Data block:
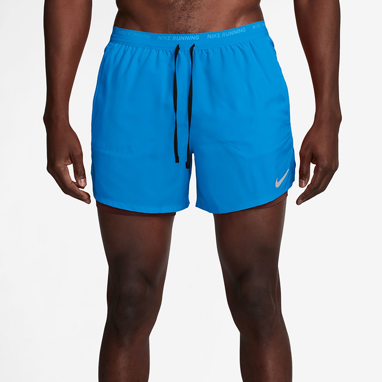 Reach your running goals in the Nike Men's Dri-FIT Stride 2 in 1 Shorts 5 in. The 100% polyester body construction offers a long-lasting feel, and the Dri-FIT technology helps keep you dry. The side pockets provide room to conceal items, and the narrow waistband with drawstring delivers a custom fit.
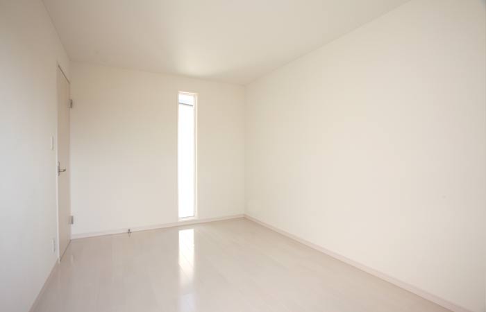 採光性の高いリビングルームはとてもやわらかな白をまとい、さらに天井を高くとっていることで
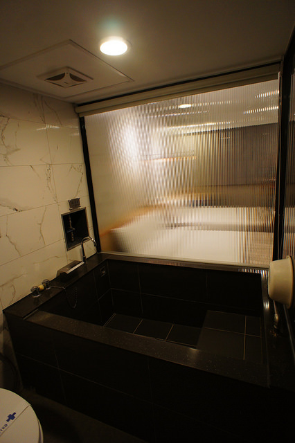 浴室盥洗設施乾濕分離,白色雲石紋街磚的牆身配上溫旅房間獨有的黑色大理石砌成的雙人浴池,令其感覺更顯高雅。
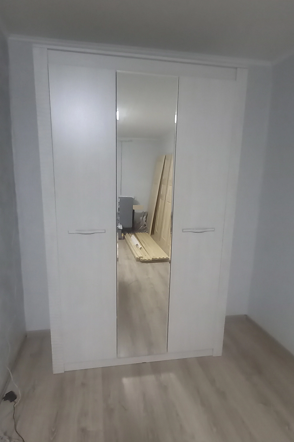 Трехстворчатая конструкция позволяет удобно разместить одежду как на полках, так и использовать горизонтальную штангу для вешалок с нагрузкой до 10 кг. Это даёт широкие возможности для хранения любых видов одежды, делая ваш гардероб легким в доступе и организации.

Task brief: The material should be duplicated word for word, with no images included.

Result of this exercise:
 Reach your running goals in the Nike Men's Dri-FIT Stride 2 in 1 Shorts 5 in. The 100% polyester body construction offers a long-lasting feel, and the Dri-FIT technology helps keep you dry. The side pockets provide room to conceal items, and the narrow waistband with drawstring delivers a custom fit.
 採光性の高いリビングルームはとてもやわらかな白をまとい、さらに天井を高くとっていることで
 浴室盥洗設施乾濕分離,白色雲石紋街磚的牆身配上溫旅房間獨有的黑色大理石砌成的雙人浴池,令其感覺更顯高雅。
 Трехстворчатая конструкция позволяет удобно разместить одежду как на полках, так и использовать горизонтальную штангу для вешалок с нагрузкой до 10 кг. Это даёт широкие возможности для хранения любых видов одежды, делая ваш гардероб легким в доступе и организации.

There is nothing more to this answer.